While the backend handles a two-model handoff, the UI is clear and focused. The practitioner only sees a single modal with a pre-filled form, keeping the task simple.
Multi-Note Summary gave practitioners a quick way to get across a patient's full history without reading back through every individual note.
Most useful during handovers, when picking up a long-term patient, or preparing for a complex consultation.
Practitioners could generate a summary across all note types or filter by specific types like prescriptions, pathology orders, or clinical observations for a more targeted view.
For patients with a long history the feature could potentially hit the AI's 200,000 token limit. Rather than letting it fail silently, we added date-range filters up to 24 months and a clear warning when a summary was too large, giving practitioners the option to narrow the range. The constraint became a design decision rather than a technical failure.
Like the other features, the output could be shaped using Halaxy's built-in templates or any custom template the practitioner had created themselves.
We started with a strict JSON structure to control the AI output.

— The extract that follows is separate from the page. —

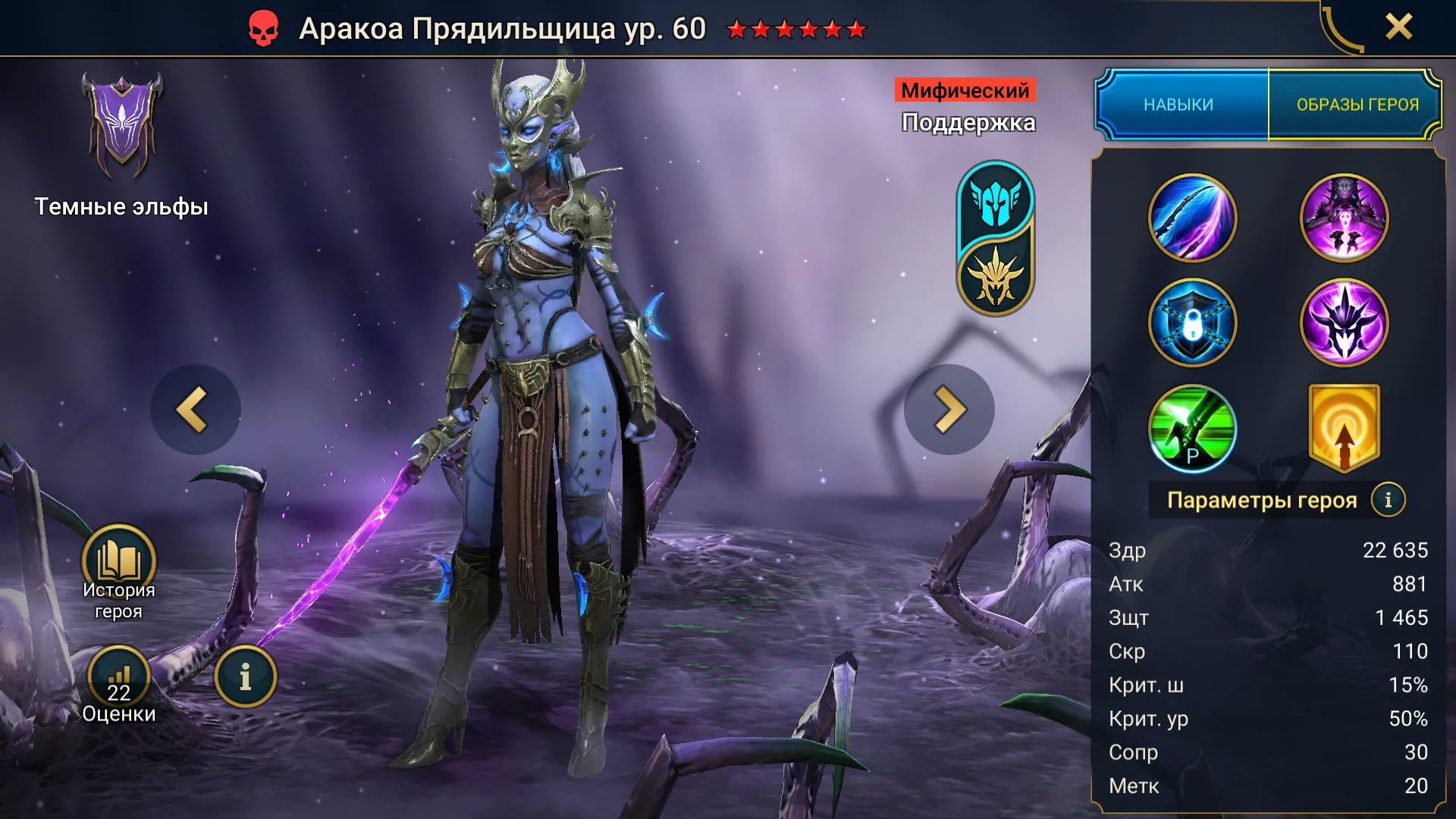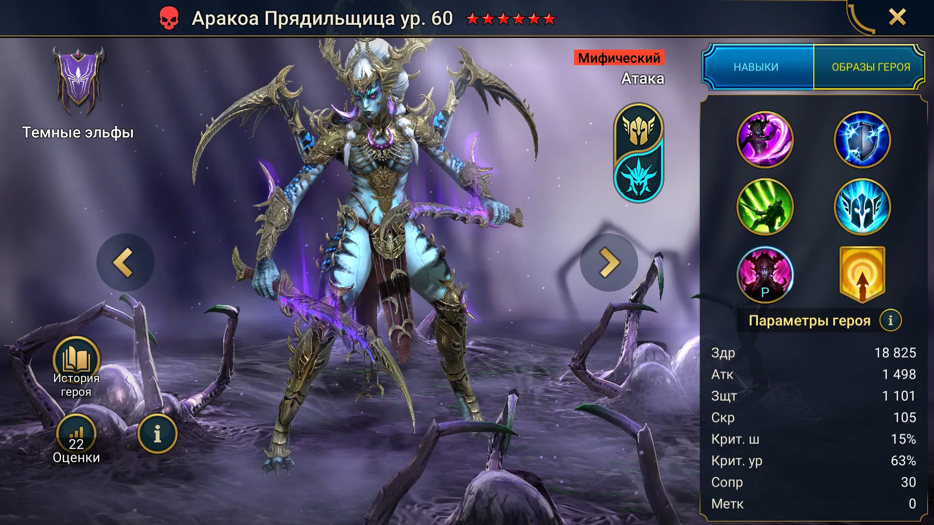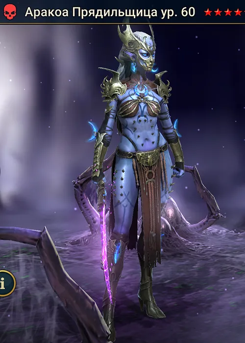Аракоа Прядильщица Raid Shadow Legend – мифический чемпион фракции Темные Эльфы, играет в роли атаки и поддержки, в стихии Силы. Аракоа – герой, который в равной степени воплощает контроль и исполнение.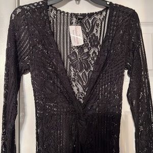 Elegant black dress with long sleeves. Features a deep V-neckline and intricate lace detailing. Perfect for evening events.

It worked well for a fixed, predictable result but that was also its problem. When we wanted practitioners to be able to choose different templates and build their own, the hard coded JSON structure didnt work.
We switched to natural language prompts, which meant practitioners could write templates in plain English and swap them across any of the AI features. A template built for the AI Scribe could be used in File Summary or Multi-Note Summary without any changes.
Amazon Nova Lite, which we had been using for its speed and low cost, struggled to follow the more flexible prompt instructions reliably. Upgrading to Claude Haiku and refining the system prompt fixed this, taking output quality from around 40% passing in testing to 95%.
Errors were easy to catch but output quality was harder to measure. We added a thumbs up and thumbs down reaction to every AI output, with a modal to capture written feedback when something was off. This gave us a direct line to how the features were performing in real clinical use rather than relying on error logs alone.
We built the AI Scribe on Amazon Transcribe because it let us prove out the feature quickly without worrying about infrastructure. Once the Scribe took off and usage grew faster than expected, the cost of running at scale became a real concern. We migrated to a self-hosted NVIDIA Parakeet model, which gave us more control over performance and cut transcription infrastructure costs by 87%.
Practitioner groups using AI features
Groups using AI Scribe
Transcripts in March alone
Documents summarised
Infrastructure cost reduction
Output quality in testing
The biggest lesson from this project was that designing AI features well is mostly about what happens around the AI output, not the output itself.
The review steps, the escape hatches, the feedback loops, the guardrails.
Practitioners needed to feel like they were always in control before they'd trust the system enough to use it every day. That thinking shaped every decision we made across the suite.